Philip Pinckney did not survive the war; he was killed in action in Italy in 1944. Of the chances of success of "Airthief", Jeffery Quill recently commented, "_Provided we could get to the aircraft with its engine running, get the German airman out of the cockpit dead or alive and get me into it, I thought I had a 50-50 chance of getting back to England. As to the early part of the operation I was not qualified to have a view and I was guided entirely by Philip who seemed very confident and I would just have done what he said. He ws obviously relying on stealth - and perhaps we might have got away with it. Philip was always evasive about his own plans for getting back. I had a splendid way of getting back by air, but it was a very different kettle of fish for him. But he was very resourceful and might well have made it, one way or another, provided I had got the aircraft off the airfield without too much of a hue and cry._
_Anyway it was a non-event, as it turned out. Philip Pinckney was the inspiration behind the whole thing. Had it succeeded it would have been 90% due to him and the balance of danger would have been heavily against him. I think he was bitterly disappointed when it was called off and he was quite cross about the German pilot landing in Wales. I am afraid I have to confess to a certain easing of tension within my guts!"_


----------



## Arsenal VG-33 (Jan 22, 2008)

Very interesting! Had this happened, successfully or not, it would have been made the basis for a great movie!
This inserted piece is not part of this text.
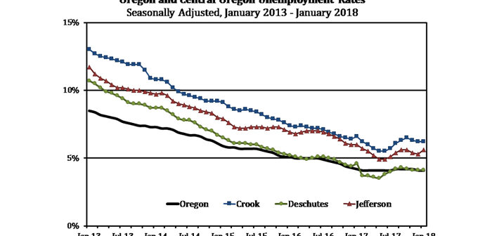 Original estimates from 2017 showed that the pace of job growth in Deschutes County was beginning to slow. This slowdown was confirmed by recent revisions using payroll tax records. However, the region is still adding jobs at a fast pace with a particularly large jump in Deschutes County’s seasonally adjusted employment for January. Growth is not limited to our metro areas as Jefferson County posted some of the fastest rates of job growth amongst Oregon’s non-metro counties.

I do have a question though: Didn't the Germans take contingency plans to prevent just this sort of thing? While I do not have my sources at hand, I do recall reading how the Germans, by allowing the Vichy French airforce a few number of planes, carefully regulated the amount of fuel recieved by each aircraft to prevent it's pilot from flying the required distances for defecting to the Allies. 

Keeping to this logic, one must wonder if the Germans themselves undertook such proceedures to prevent their newest fighters from being stolen and flown to Allied-controlled territories, especially on airfields close to the Channel. 

Perhaps someone could shed some light on this, whether or not the Germans were fearful of aircraft being stolen in an Allied covert operation?


----------



## ccheese (Jan 22, 2008)

Good yarn, none-the-less....

Charles


----------



## wilbur1 (Jan 23, 2008)

Great story nj


----------



## Heinz (Jan 29, 2008)

Heard this before but a great story.

Had he pulled it off it would have been amazing to say the least. Up with the Dambusters in terms of that sorta spotlighted event


----------



## Njaco (Jan 29, 2008)

Like Arsenal said, it would've made a great movie. I just amazed at the coincidence of it all.


----------